- _WORK TASK_: Skip the pictures. Give all the data again exactly.

- _Dataset excerpts_:

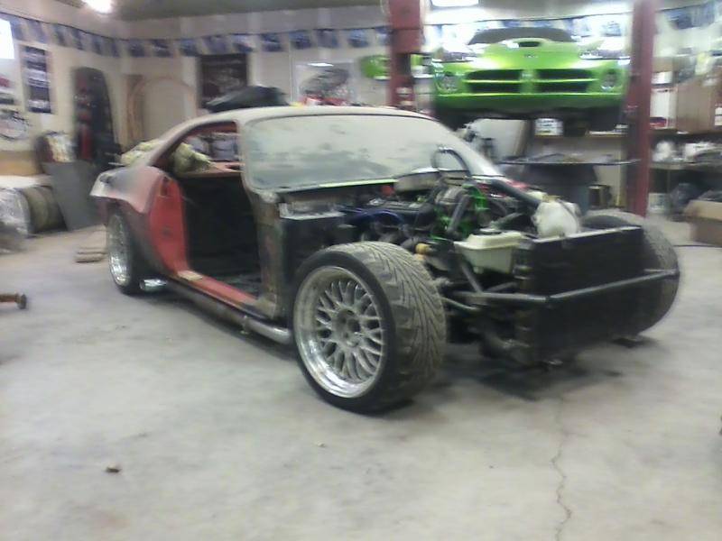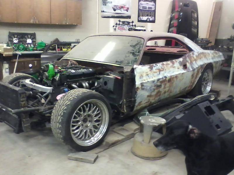O.K. I'll spill the beans. I had a 70 340 Challenger I bought many years ago for parts. It was really rusty so I never thought about "saving" it. Time goes on, it's sitting out back in the weeds next to a wrecked Viper frame......... I walk by one day a light bulb comes on. So, one nite sitting at the computer I start looking up dimensions, etc. The floor pan width of the E-body is the same width as the Viper. The Challenger is 14" longer than the Viper. I had enough frame parts to put a lengthened frame together and sit the Challenger body on it.
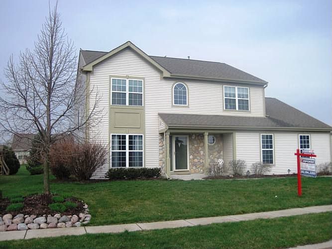 Immaculate 2325 Sq Ft, 4 BR, 2.5 BA colonial w/9?? ceilings. This home boasts; vinyl siding, custom stone front & cedar trim. The grand two-story entrance w/wood floor leads to the open concept main level. Eat-in KIT including breakfast bar & extended bay. GR features natural or gas FP. Relax on your patio overlooking the prof. landscaping designed for privacy. Large upper landing w/private MBRS, dbl vanity, glass shower and WIC. Other features incl 6 panel doors, open staircase and side drive entrance.
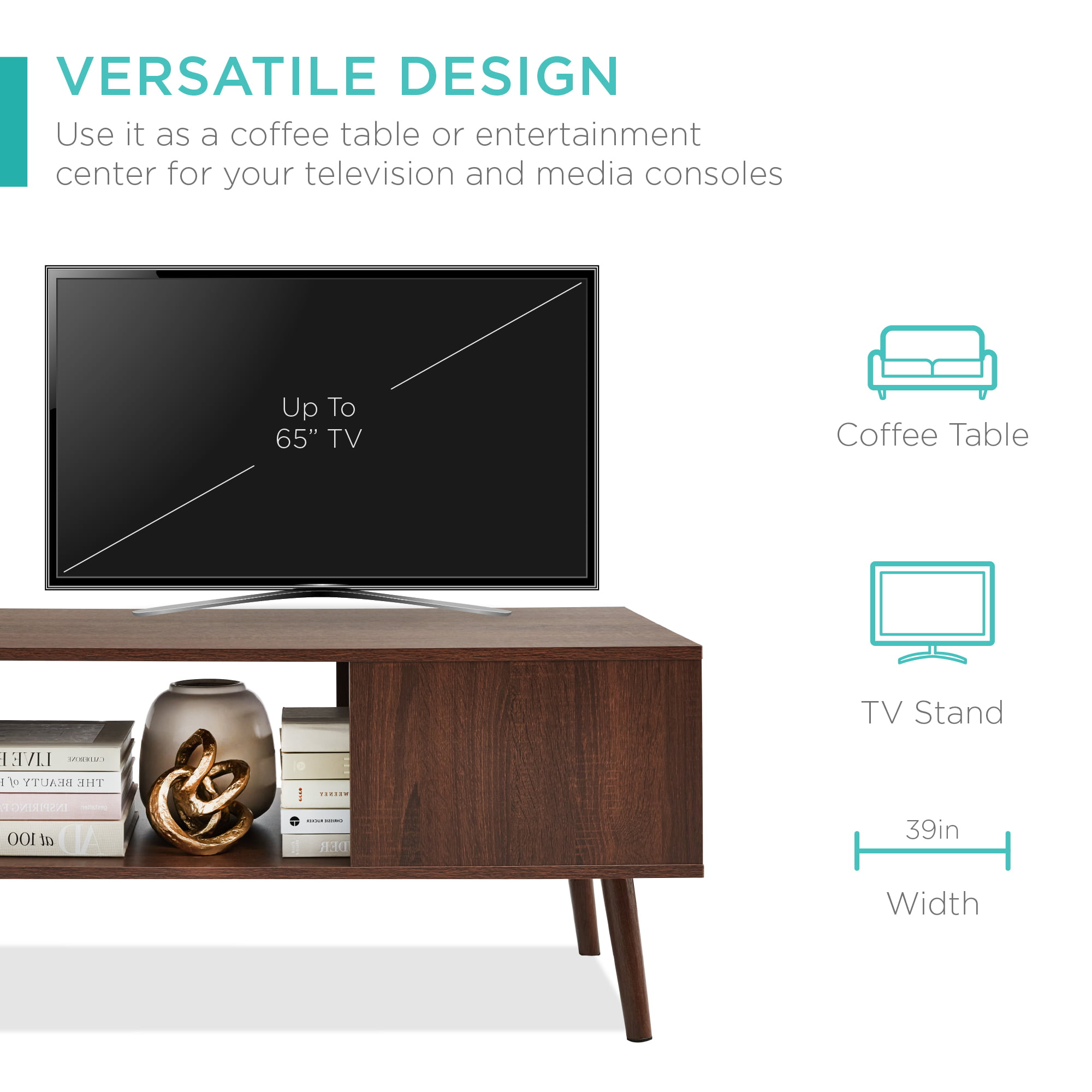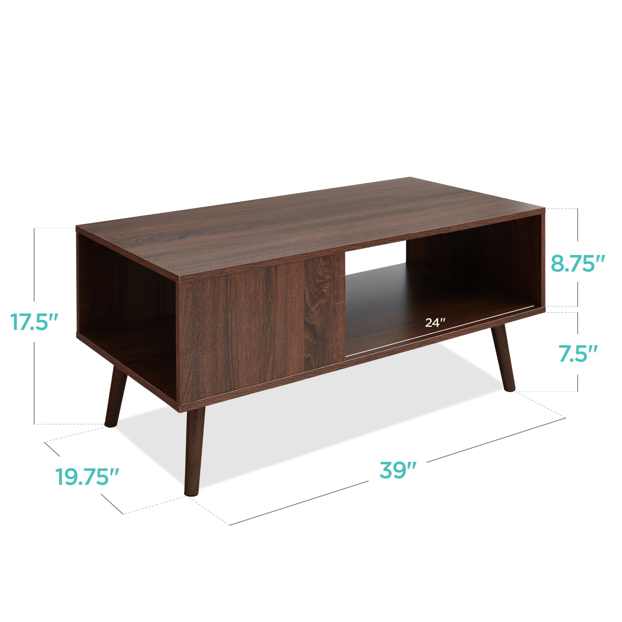 Best Choice Products Wooden Mid-Century Modern Coffee Accent Table Furniture w/ Open Storage Shelf - Walnut
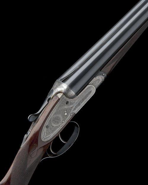 28in. nitro barrels, 2 1/2in. chambers, bored approx. true cyl. and extra full choke, automatic safety, removable striker discs, bouquet and scroll engraving, brushed bright and blued finish, 14 1/2in. figured replacement stock, weight 6lb. 9oz.
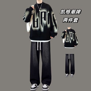 美式潮牌圆领卫衣套装男秋冬青少年加绒加厚卫衣搭配牛仔裤两件套
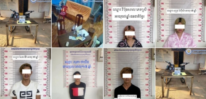 ១-ឈ្មោះ សុភា ថាឃីន ភេទប្រុស អាយុ ១៧ ឆ្នាំ ជន ជាតិ ខ្មែរ មុខរបរមិនពិតប្រាកដ មានទីលំនៅបច្ចុប្បន្នភូមិ១ ឃុំត្រពាំងច្រេស ស្រុកកូនមុំ ខេត្តរតនគិរី, ២- ឈ្មោះ ជ្រឿន តារ៉ា ភេទប្រុស អាយុ ១៥ ឆ្នាំ ជនជាតិ ខ្មែរ មុខរបរមិនពិតប្រាកដ មានទីលំនៅបច្ចុប្បន្នភូមិភ្នំស្វាយសង្កាត់បឹងកន្សែង ក្រុងបានលុង,៣-ឈ្មោះ សូត្រ រ៉ស៊ីយ៉ា ភេទស្រីអាយុ ១៥ ឆ្នាំ ជនជាតិ ខ្មែរ-ឥស្លាម មុខរបរមិនពិតប្រាកដ មានទីលំនៅបច្ចុប្បន្នភូមិថ្មី សង្កាត់ឡាបានសៀក ក្រុងបានលុង ខេត្តរតនគិរី, ៤- ឈ្មោះ វី ប៊ុនសា ភេទស្រីអាយុ ១៥ ឆ្នាំ ជនជាតិ ខ្មែរ មុខរបរមិនពិតប្រាកដ មានទីលំនៅបច្ចុប្បន្នភូមិ២ សង្កាត់កាចាញ ក្រុងបានលុង ខេត្តរតនគិរី និង៥- ឈ្មោះ សែម ជីវ៉ា ភេទប្រុស អាយុ ២៥ឆ្នាំ ជនជាតិខ្មែរ មុខរបរមិនពិតប្រាកដ មានទីលំនៅបច្ចុប្បន្នភ្នំស្វាយ សង្កាត់បឹងកន្សែង ក្រុងបានលុង ខេត្តរតនគិរី និងបានដកហូតរក្សាទុកសម្ភារៈដែលជាវត្ថុតាងក្នុងការស្រាវជ្រាវរួមមាន៖ ទូរសព្ទដៃ ចំនួន៤គ្រឿង ម៉ូតូចំនួន០២គ្រឿ។

- _ANSWER BOX_:
O.K. I'll spill the beans. I had a 70 340 Challenger I bought many years ago for parts. It was really rusty so I never thought about "saving" it. Time goes on, it's sitting out back in the weeds next to a wrecked Viper frame......... I walk by one day a light bulb comes on. So, one nite sitting at the computer I start looking up dimensions, etc. The floor pan width of the E-body is the same width as the Viper. The Challenger is 14" longer than the Viper. I had enough frame parts to put a lengthened frame together and sit the Challenger body on it.
 Immaculate 2325 Sq Ft, 4 BR, 2.5 BA colonial w/9?? ceilings. This home boasts; vinyl siding, custom stone front & cedar trim. The grand two-story entrance w/wood floor leads to the open concept main level. Eat-in KIT including breakfast bar & extended bay. GR features natural or gas FP. Relax on your patio overlooking the prof. landscaping designed for privacy. Large upper landing w/private MBRS, dbl vanity, glass shower and WIC. Other features incl 6 panel doors, open staircase and side drive entrance.
 Best Choice Products Wooden Mid-Century Modern Coffee Accent Table Furniture w/ Open Storage Shelf - Walnut
 28in. nitro barrels, 2 1/2in. chambers, bored approx. true cyl. and extra full choke, automatic safety, removable striker discs, bouquet and scroll engraving, brushed bright and blued finish, 14 1/2in. figured replacement stock, weight 6lb. 9oz.
 美式潮牌圆领卫衣套装男秋冬青少年加绒加厚卫衣搭配牛仔裤两件套
 ១-ឈ្មោះ សុភា ថាឃីន ភេទប្រុស អាយុ ១៧ ឆ្នាំ ជន ជាតិ ខ្មែរ មុខរបរមិនពិតប្រាកដ មានទីលំនៅបច្ចុប្បន្នភូមិ១ ឃុំត្រពាំងច្រេស ស្រុកកូនមុំ ខេត្តរតនគិរី, ២- ឈ្មោះ ជ្រឿន តារ៉ា ភេទប្រុស អាយុ ១៥ ឆ្នាំ ជនជាតិ ខ្មែរ មុខរបរមិនពិតប្រាកដ មានទីលំនៅបច្ចុប្បន្នភូមិភ្នំស្វាយសង្កាត់បឹងកន្សែង ក្រុងបានលុង,៣-ឈ្មោះ សូត្រ រ៉ស៊ីយ៉ា ភេទស្រីអាយុ ១៥ ឆ្នាំ ជនជាតិ ខ្មែរ-ឥស្លាម មុខរបរមិនពិតប្រាកដ មានទីលំនៅបច្ចុប្បន្នភូមិថ្មី សង្កាត់ឡាបានសៀក ក្រុងបានលុង ខេត្តរតនគិរី, ៤- ឈ្មោះ វី ប៊ុនសា ភេទស្រីអាយុ ១៥ ឆ្នាំ ជនជាតិ ខ្មែរ មុខរបរមិនពិតប្រាកដ មានទីលំនៅបច្ចុប្បន្នភូមិ២ សង្កាត់កាចាញ ក្រុងបានលុង ខេត្តរតនគិរី និង៥- ឈ្មោះ សែម ជីវ៉ា ភេទប្រុស អាយុ ២៥ឆ្នាំ ជនជាតិខ្មែរ មុខរបរមិនពិតប្រាកដ មានទីលំនៅបច្ចុប្បន្នភ្នំស្វាយ សង្កាត់បឹងកន្សែង ក្រុងបានលុង ខេត្តរតនគិរី និងបានដកហូតរក្សាទុកសម្ភារៈដែលជាវត្ថុតាងក្នុងការស្រាវជ្រាវរួមមាន៖ ទូរសព្ទដៃ ចំនួន៤គ្រឿង ម៉ូតូចំនួន០២គ្រឿ។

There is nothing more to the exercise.